[Source material — start]

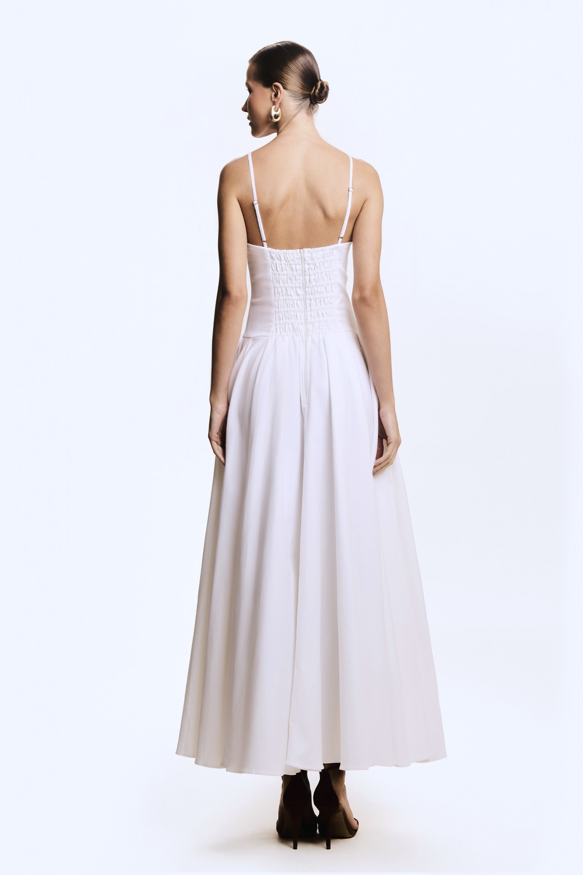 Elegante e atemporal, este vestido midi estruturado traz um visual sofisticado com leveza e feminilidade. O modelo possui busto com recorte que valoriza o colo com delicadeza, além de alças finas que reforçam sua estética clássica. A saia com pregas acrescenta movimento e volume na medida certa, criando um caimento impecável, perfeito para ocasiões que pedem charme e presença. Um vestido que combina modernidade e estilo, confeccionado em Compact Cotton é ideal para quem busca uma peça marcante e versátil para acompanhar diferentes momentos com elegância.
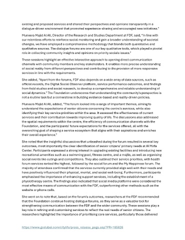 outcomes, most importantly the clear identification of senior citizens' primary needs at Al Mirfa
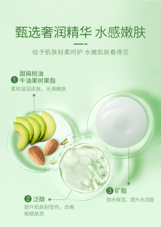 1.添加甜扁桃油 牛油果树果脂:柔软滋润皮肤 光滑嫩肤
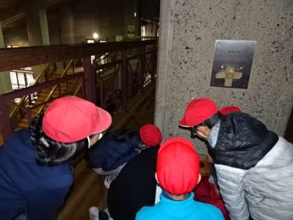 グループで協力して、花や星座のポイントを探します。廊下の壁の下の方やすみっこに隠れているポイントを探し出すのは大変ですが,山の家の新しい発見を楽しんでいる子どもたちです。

[Source material — finish]

All of the material above should be copied exactly, minus the pictures.

 Elegante e atemporal, este vestido midi estruturado traz um visual sofisticado com leveza e feminilidade. O modelo possui busto com recorte que valoriza o colo com delicadeza, além de alças finas que reforçam sua estética clássica. A saia com pregas acrescenta movimento e volume na medida certa, criando um caimento impecável, perfeito para ocasiões que pedem charme e presença. Um vestido que combina modernidade e estilo, confeccionado em Compact Cotton é ideal para quem busca uma peça marcante e versátil para acompanhar diferentes momentos com elegância.
 outcomes, most importantly the clear identification of senior citizens' primary needs at Al Mirfa
 1.添加甜扁桃油 牛油果树果脂:柔软滋润皮肤 光滑嫩肤
 グループで協力して、花や星座のポイントを探します。廊下の壁の下の方やすみっこに隠れているポイントを探し出すのは大変ですが,山の家の新しい発見を楽しんでいる子どもたちです。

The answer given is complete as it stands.